Here is a section of the disassembly of the s15:16 multiply call:
30: mov %r14,%rax
mov %r15,%rax
movslq -0x28(%rbp),%rax
movslq -0x30(%rbp),%rcx
imul %rax,%rcx
shr $0x10,%rcx
mov %ecx,-0x38(%rbp)
mov %r12,%rax
4c: movzbl (%rbx),%eax
cmp $0x1,%eax
↓ jne 68
54: mov 0x8(%rbx),%rax
lea 0x1(%rax),%rcx
mov %rcx,0x8(%rbx)
cmp 0x38(%rbx),%rax
↑ jb 30
The two 32-bit numbers are multiplied together and the result shifted
down - much as it would if raw int
values were used. The efficiency
of this operation varies with the exponent. An exponent of zero should
mean no shift at all.
A fast sqrt
implementation has not yet been tested with
fixed_point
. (The naive implementation takes over 300ns.) For this
reason, a magnitude-squared function is measured, combining multiply
and add operations:
template <class FP>
constexpr FP magnitude_squared(const FP & x, const FP & y, const FP & z)
{
return x * x + y * y + z * z;
}
Only real number formats are tested:
float 2.42606
double 2.08
long double 4.5056
s3_4 2.768
s7_8 2.77577
s15_16 2.752
s31_32 4.10331
Again, the size of the type seems to have the largest impact.
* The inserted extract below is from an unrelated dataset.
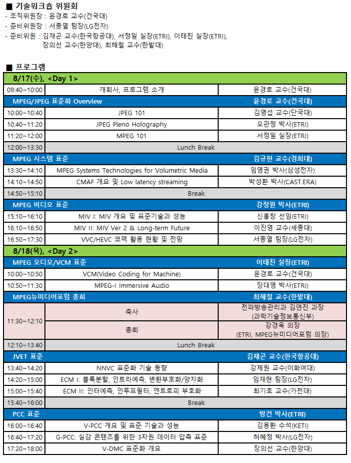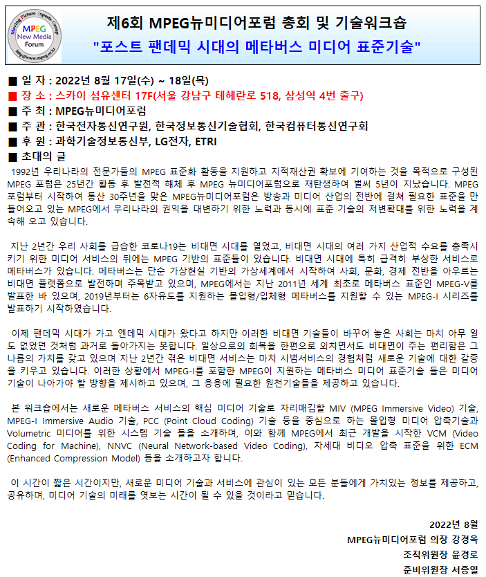 Á¦6ȸ MPEG´º¹Ìµð¾îÆ÷·³ ÃÑȸ ¹× ±â¼ú¿öÅ©¼ó(2022.8.17.(¼ö)~18.(¸ñ), ½ºÄ«À̼¶À¯¼¾ÅÍ)
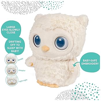 Let your little one know that everything is going to be owlright with the Sleepy Eyes Plush Owl Soother with Sound and Lights by Gund. Measuring approximately 8 inches, this beautiful plush owl is made from a cloud-soft creamy plush fabric, and has beautiful big blue eyes that slowly close as the plush owl – and your little one – drift gently off to sleep. With two play modes, the Sleepy Eyes Plush Owl Soother with Sound and Lights by Gund can help your baby to wind down at the end of the day with a lullaby and gently glowing lights, or, in nighttime soother mode, soothing sounds will gently play as the stuffed owl’s eyes slowly droop. Customize your baby’s bedtime routine with the adjustable volume and night light, but don’t be surprised if you fall asleep too, as the power of suggestion in the Sleepy Eyes Plush Owl Soother with Sound and Lights by Gund’s eyes will lull you into a deep state of relaxation, as well as your baby. Surface washable, this delightful owl stuffed animal also has embroidered details to ensure it’s totally safe for tiny tots.

A similar operation includes a comparison and branch:
template <class Real>
bool circle_intersect_generic(Real x1, Real y1, Real r1, Real x2, Real y2, Real r2)
{
auto x_diff = x2 - x1;
auto y_diff = y2 - y1;
auto distance_squared = x_diff * x_diff + y_diff * y_diff;
auto touch_distance = r1 + r2;
auto touch_distance_squared = touch_distance * touch_distance;
return distance_squared <= touch_distance_squared;
}
float 3.46011
double 3.48
long double 6.4
s3_4 3.88
s7_8 4.5312
s15_16 3.82171
s31_32 5.92
Again, fixed-point and native performance are comparable.